2013年7月9日星期二

Second lesson with Morrie

I have read this book for the umpteenth time. The first time I derived a lot from it, but I was foolish back then, and I don't think I actually put any of those teachings into use.
Although it's not my second time reading "Tuesdays with Morrie", I feel that this is the second time, because I understood something more, something newer than last time. Funny how the contents don't change but you feel it did. Because your perspective changed.

Well, it isn't strange that I found some ideas of Morrie similar to what I think, as we both read Erich Fromm.
Fromm wrote books with a scholarly attitude, and I must admit you'd find it boring if you don't have the will to get the knowledge.

The first time, I have learnt forgiving the others. And myself.
You also have to indulge in negative feelings in order to overcome them. This was what I read later in psychology books. Morrie had made it clear in his book before.

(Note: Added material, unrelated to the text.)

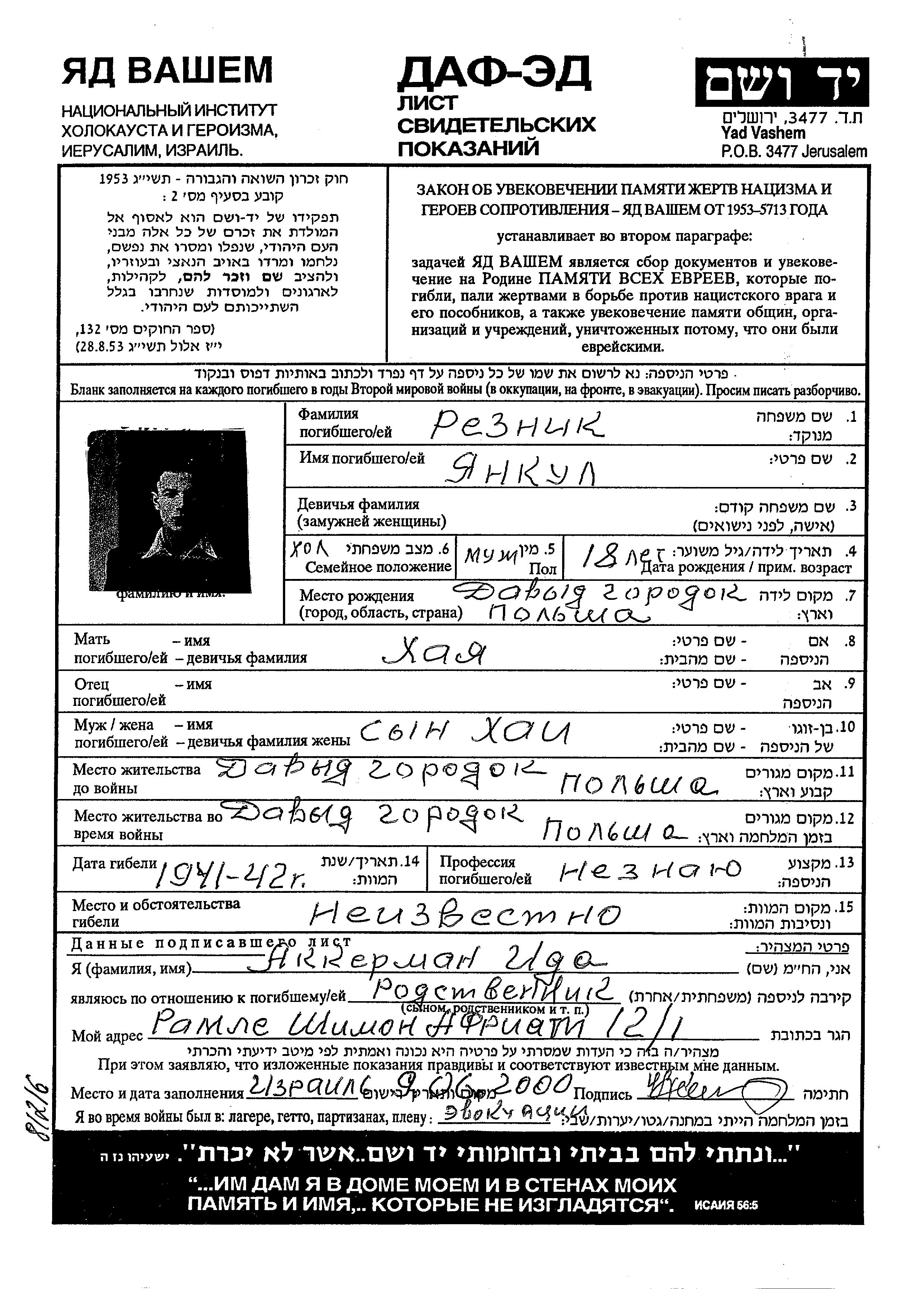 Резник | Янкул | Давид-Городок, Польша | Лист свидетельских показаний | |
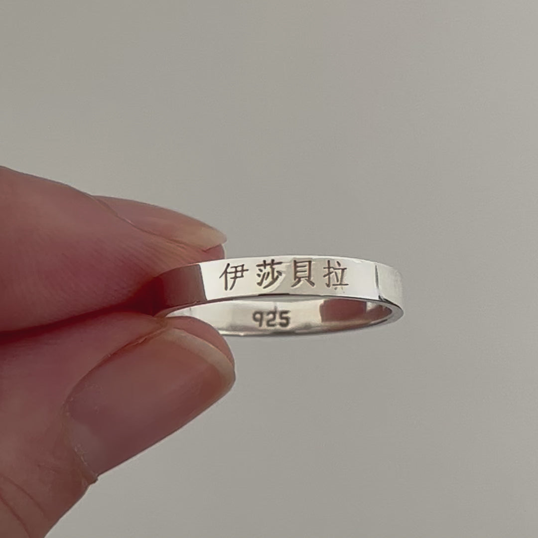 Personalisierter chinesischer Name 3 mm Sterling Silber Bandring - Personalisierter chinesischer Ring - China Geschenke - Chinesische Schriftzeichen

This time I think it's wise to look past pride and vanity. Sometimes people disappoint you, but that doesn't mean you have to act aloof to show them you're pissed off. It's detrimental for both you and him/her, because the person would be worrying and feeling sorry( which is an intended result?),  while you don't feel that superior either. You might, in the beginning, but later on you will find it hard to mend the relationship.
Of course, if people don't care about you much, it's stupid to keep pestering them( I'm not pestering though). If you don't have the rapport, then why make it tough for both sides just to communicate when you do it reluctantly?
Try to reflect on yourself too. Maybe something in you changed that made them turn away. ( Personally I think a true friend would advice you instead of letting you go)
If you act aloof but you don't even upset the person then you are more than a loser. Laugh.
We have our own life. If you aren't getting responses from someone, then forget it. Move on. You'll be getting new friends anyway.
It's not cold-hearted. Sometimes people made us do so. It's kinda sad.
And, if they eventually come back to make peace, don't turn them down. A friend is better than an enemy. But maybe we're not putting trust in them anymore.

The conclusion is, don't bear ill feelings towards others. When years pass, and we both know time heals and death equalizes, you would probably be looking at the past with a different attitude. Nothing would matter then, so why burden yourself so much now?